Closed GHawkes93 closed 3 weeks ago
I should add I'm using regenie v3.3!
Hi Gareth,
Could you include the log (at least the header part) corresponding to your MEGA vs META analysis? Also for your R example, was that taking one of the variant which showed very different p-values between the two analyses?
Cheers, Joelle
Hi Joelle,
I think we narrowed this down to having multiple non-overlapping phenotypes (0% overlap) in Step1. I hadn't appreciated the fact that regenie produces worse Step1-PRS estimates in these cases.
Does that sound about right to you?
Cheers, Gareth
Hi Gareth,
Yes we recommend multi-trait mode be run on phenotypes that share similar missingness patterns.
Cheers, Joelle
Hi Joelle - I hope you are well
I've noticed some slightly strange behaviour with regenie and strata meta-analysis.

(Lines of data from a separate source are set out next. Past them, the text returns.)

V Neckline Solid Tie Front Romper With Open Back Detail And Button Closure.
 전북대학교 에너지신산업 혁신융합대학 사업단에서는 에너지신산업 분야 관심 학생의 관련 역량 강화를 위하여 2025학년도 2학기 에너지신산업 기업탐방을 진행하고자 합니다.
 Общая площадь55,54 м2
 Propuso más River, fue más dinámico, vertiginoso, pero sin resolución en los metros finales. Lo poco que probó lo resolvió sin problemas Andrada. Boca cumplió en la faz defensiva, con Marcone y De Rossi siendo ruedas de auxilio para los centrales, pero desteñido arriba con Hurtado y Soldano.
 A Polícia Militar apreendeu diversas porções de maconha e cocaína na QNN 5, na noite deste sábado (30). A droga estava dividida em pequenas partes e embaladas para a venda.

I have performed a GWAS of a quantitative trait in the whole UKB cohort (N = 450K EUR), and am trying to compare those estimates (BETA, SE, L10P) with a meta-analysis (fixed-effect) of the same phenotype split into three non-overlapping strata (N =150k x 3, from the same individuals).

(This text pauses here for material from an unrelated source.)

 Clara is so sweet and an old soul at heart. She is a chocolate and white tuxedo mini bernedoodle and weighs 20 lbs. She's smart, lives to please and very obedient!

I'm finding that the meta-analysis and the joint p-values are quite wildly different, as a function of the p-value (e.g. one variant goes from L10P = 220 in the joint analysis to 125 in the meta-strata).
The effect sizes seem to be consistent in meta-strata vs. joint: the differences appear to be driven by larger SE's in the strata.
When I perform the same analysis in R, using a single 3% MAF SNP as an example, the p-value from a meta-analysis of the strata is equal to the p-value in the joint model (with effect sizes again being consistent).
I ran Step1 on all three strata in a single run, and run Step2 on all three together. I also adjusted for the same covariates as the joint-model.
Could you please advise on what could be causing this?